-------- SOURCE MATERIAL --------
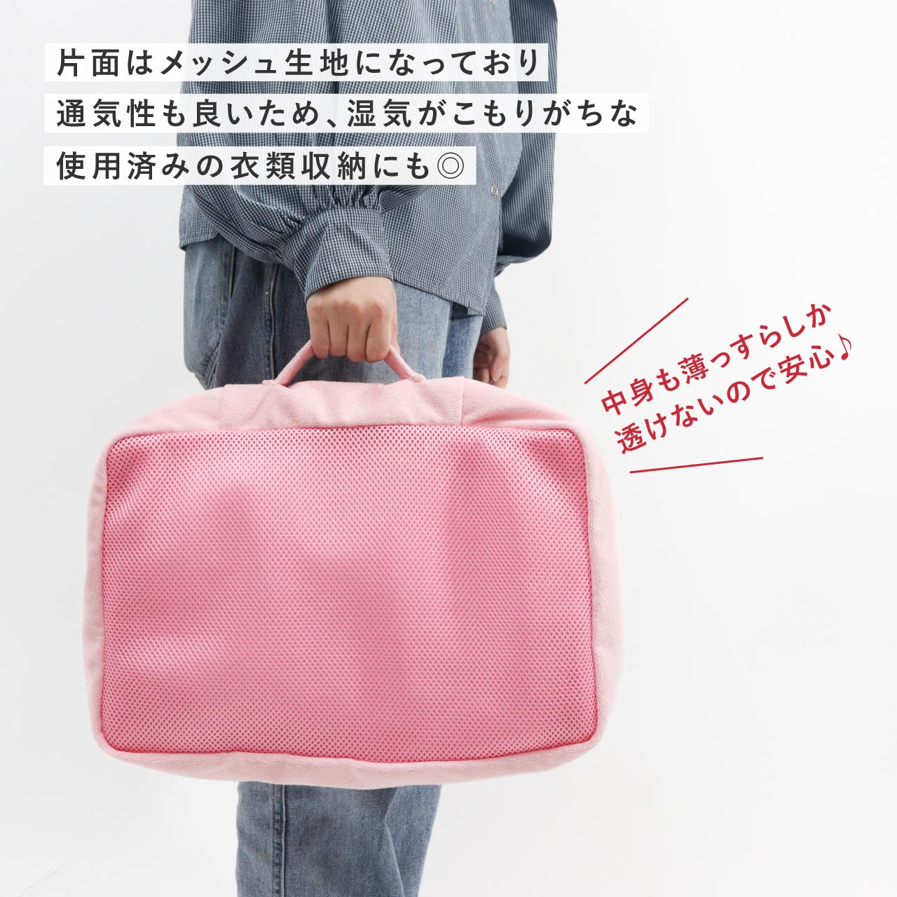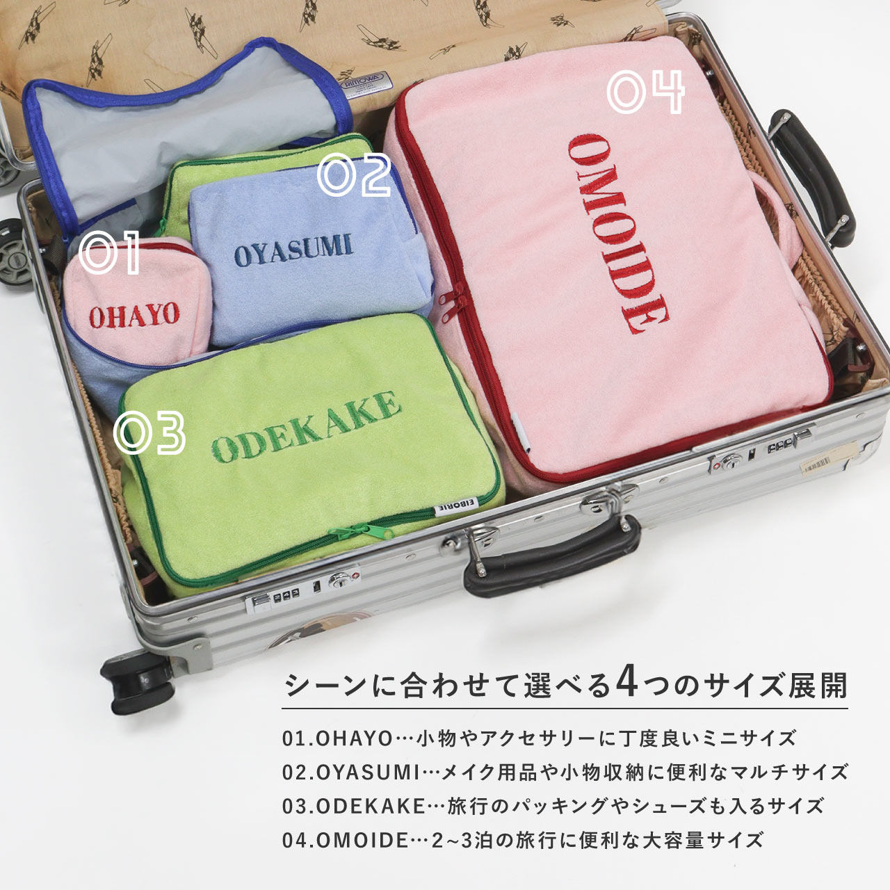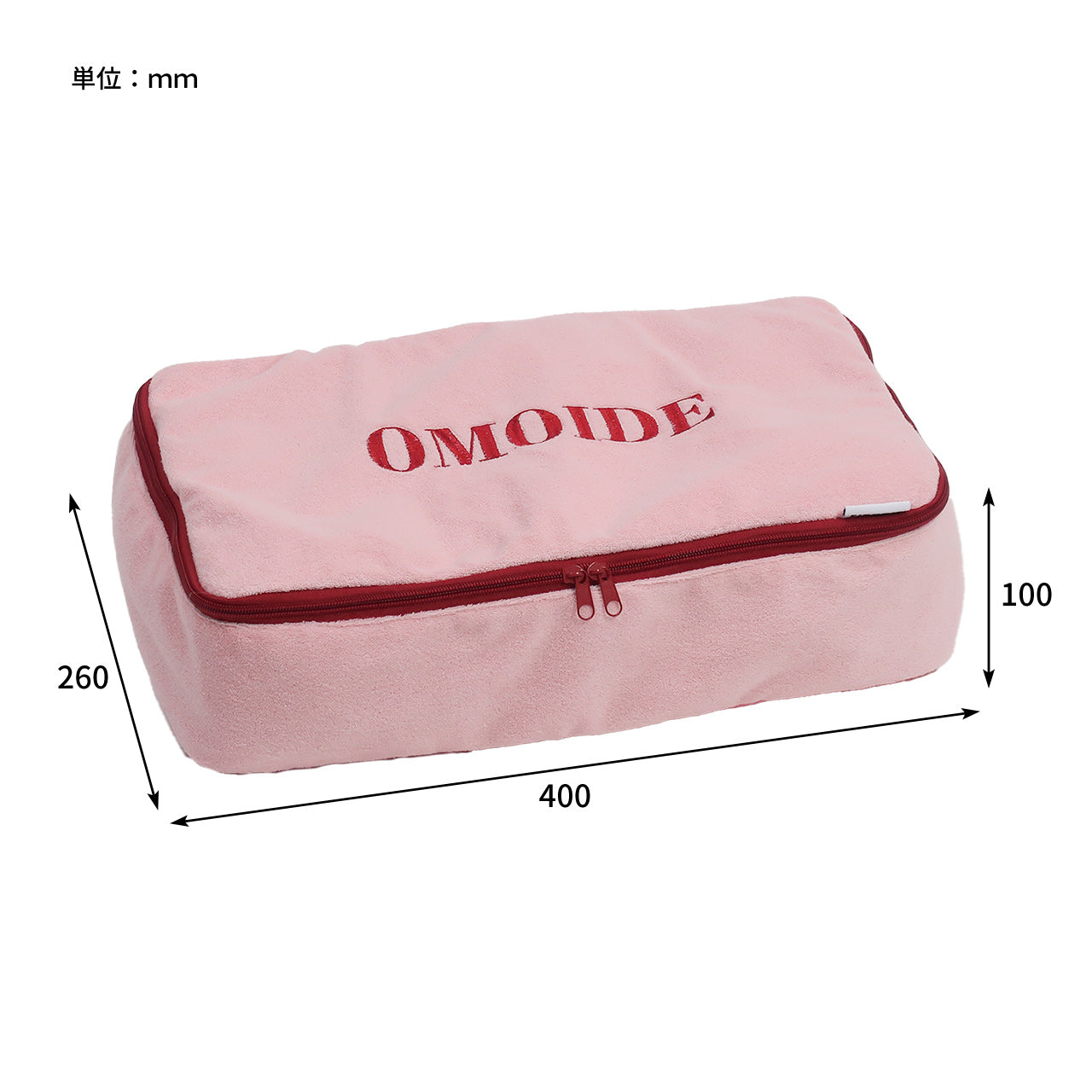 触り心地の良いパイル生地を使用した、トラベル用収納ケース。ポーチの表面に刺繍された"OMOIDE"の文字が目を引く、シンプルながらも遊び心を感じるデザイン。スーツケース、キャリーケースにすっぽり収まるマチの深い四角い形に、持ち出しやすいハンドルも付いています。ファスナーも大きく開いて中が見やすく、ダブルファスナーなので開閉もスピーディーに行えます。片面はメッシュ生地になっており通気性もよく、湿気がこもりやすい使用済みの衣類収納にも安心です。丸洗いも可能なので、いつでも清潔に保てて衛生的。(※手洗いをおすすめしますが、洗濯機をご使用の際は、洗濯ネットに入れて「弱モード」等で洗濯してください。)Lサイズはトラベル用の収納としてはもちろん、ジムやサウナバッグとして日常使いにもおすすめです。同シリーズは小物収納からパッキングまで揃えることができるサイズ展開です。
--------
-------- SOURCE MATERIAL --------
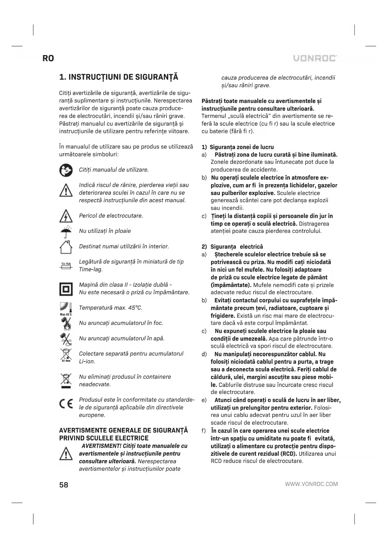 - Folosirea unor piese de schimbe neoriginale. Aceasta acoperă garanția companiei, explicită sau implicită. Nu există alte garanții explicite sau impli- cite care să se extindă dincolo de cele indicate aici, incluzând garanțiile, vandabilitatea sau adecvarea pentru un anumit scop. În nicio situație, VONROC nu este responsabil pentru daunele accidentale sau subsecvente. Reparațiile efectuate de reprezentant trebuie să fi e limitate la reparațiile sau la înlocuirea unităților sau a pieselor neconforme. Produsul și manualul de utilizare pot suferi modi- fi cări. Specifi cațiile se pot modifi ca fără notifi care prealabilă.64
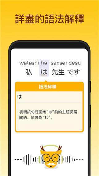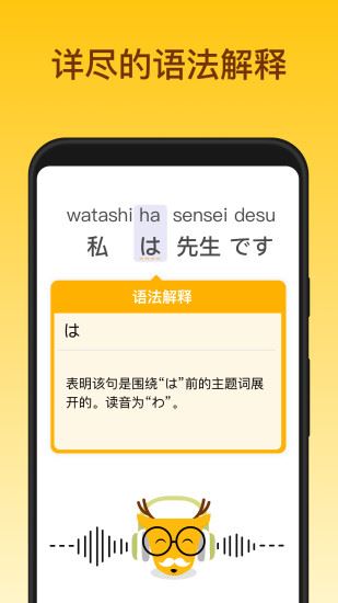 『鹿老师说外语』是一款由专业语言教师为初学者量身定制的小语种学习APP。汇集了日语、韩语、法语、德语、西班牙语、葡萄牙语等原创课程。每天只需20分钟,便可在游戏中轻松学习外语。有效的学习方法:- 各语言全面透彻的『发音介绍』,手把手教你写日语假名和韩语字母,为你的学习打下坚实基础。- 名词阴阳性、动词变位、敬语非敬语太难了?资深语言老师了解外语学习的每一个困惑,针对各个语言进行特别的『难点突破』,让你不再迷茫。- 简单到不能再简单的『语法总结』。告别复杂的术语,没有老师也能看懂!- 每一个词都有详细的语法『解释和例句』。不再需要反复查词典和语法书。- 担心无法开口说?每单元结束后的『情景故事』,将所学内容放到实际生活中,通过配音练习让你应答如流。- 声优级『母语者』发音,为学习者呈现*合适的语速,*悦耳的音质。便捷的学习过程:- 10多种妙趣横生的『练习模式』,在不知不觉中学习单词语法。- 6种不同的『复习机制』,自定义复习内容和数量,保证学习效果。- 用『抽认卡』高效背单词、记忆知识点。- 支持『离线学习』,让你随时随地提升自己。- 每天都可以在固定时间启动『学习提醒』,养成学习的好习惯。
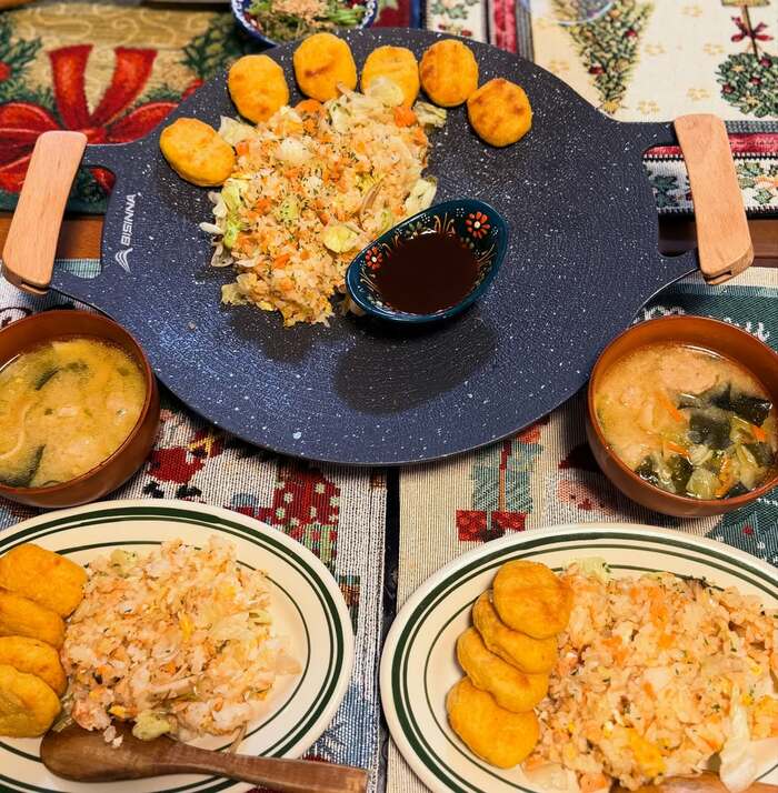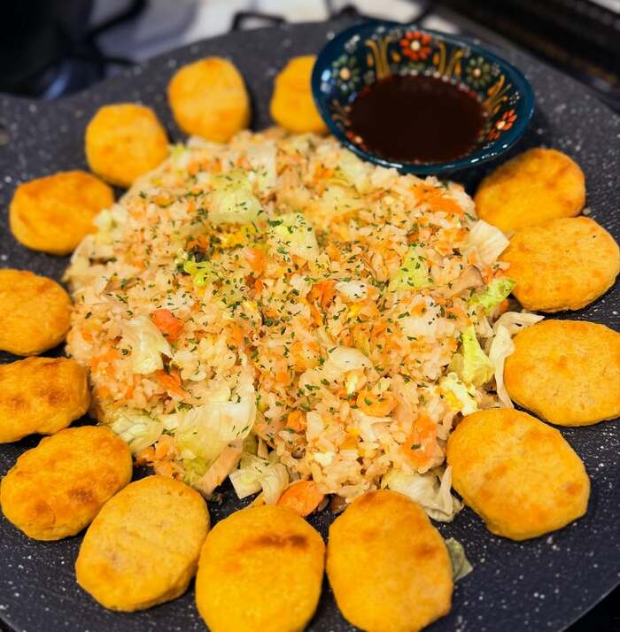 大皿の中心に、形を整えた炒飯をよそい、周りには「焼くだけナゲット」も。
--------
TASK INSTRUCTIONS => Above are the records; please give again, exactly and in full, only the lines that run from the line with "- Folosirea unor" through the line with "大皿の中心に、形を整えた炒飯をよそい、周りには「焼くだけナゲット」も。", with no pictures.

RESPONSE AREA =>
 - Folosirea unor piese de schimbe neoriginale. Aceasta acoperă garanția companiei, explicită sau implicită. Nu există alte garanții explicite sau impli- cite care să se extindă dincolo de cele indicate aici, incluzând garanțiile, vandabilitatea sau adecvarea pentru un anumit scop. În nicio situație, VONROC nu este responsabil pentru daunele accidentale sau subsecvente. Reparațiile efectuate de reprezentant trebuie să fi e limitate la reparațiile sau la înlocuirea unităților sau a pieselor neconforme. Produsul și manualul de utilizare pot suferi modi- fi cări. Specifi cațiile se pot modifi ca fără notifi care prealabilă.64
 『鹿老师说外语』是一款由专业语言教师为初学者量身定制的小语种学习APP。汇集了日语、韩语、法语、德语、西班牙语、葡萄牙语等原创课程。每天只需20分钟,便可在游戏中轻松学习外语。有效的学习方法:- 各语言全面透彻的『发音介绍』,手把手教你写日语假名和韩语字母,为你的学习打下坚实基础。- 名词阴阳性、动词变位、敬语非敬语太难了?资深语言老师了解外语学习的每一个困惑,针对各个语言进行特别的『难点突破』,让你不再迷茫。- 简单到不能再简单的『语法总结』。告别复杂的术语,没有老师也能看懂!- 每一个词都有详细的语法『解释和例句』。不再需要反复查词典和语法书。- 担心无法开口说?每单元结束后的『情景故事』,将所学内容放到实际生活中,通过配音练习让你应答如流。- 声优级『母语者』发音,为学习者呈现*合适的语速,*悦耳的音质。便捷的学习过程:- 10多种妙趣横生的『练习模式』,在不知不觉中学习单词语法。- 6种不同的『复习机制』,自定义复习内容和数量,保证学习效果。- 用『抽认卡』高效背单词、记忆知识点。- 支持『离线学习』,让你随时随地提升自己。- 每天都可以在固定时间启动『学习提醒』,养成学习的好习惯。
 大皿の中心に、形を整えた炒飯をよそい、周りには「焼くだけナゲット」も。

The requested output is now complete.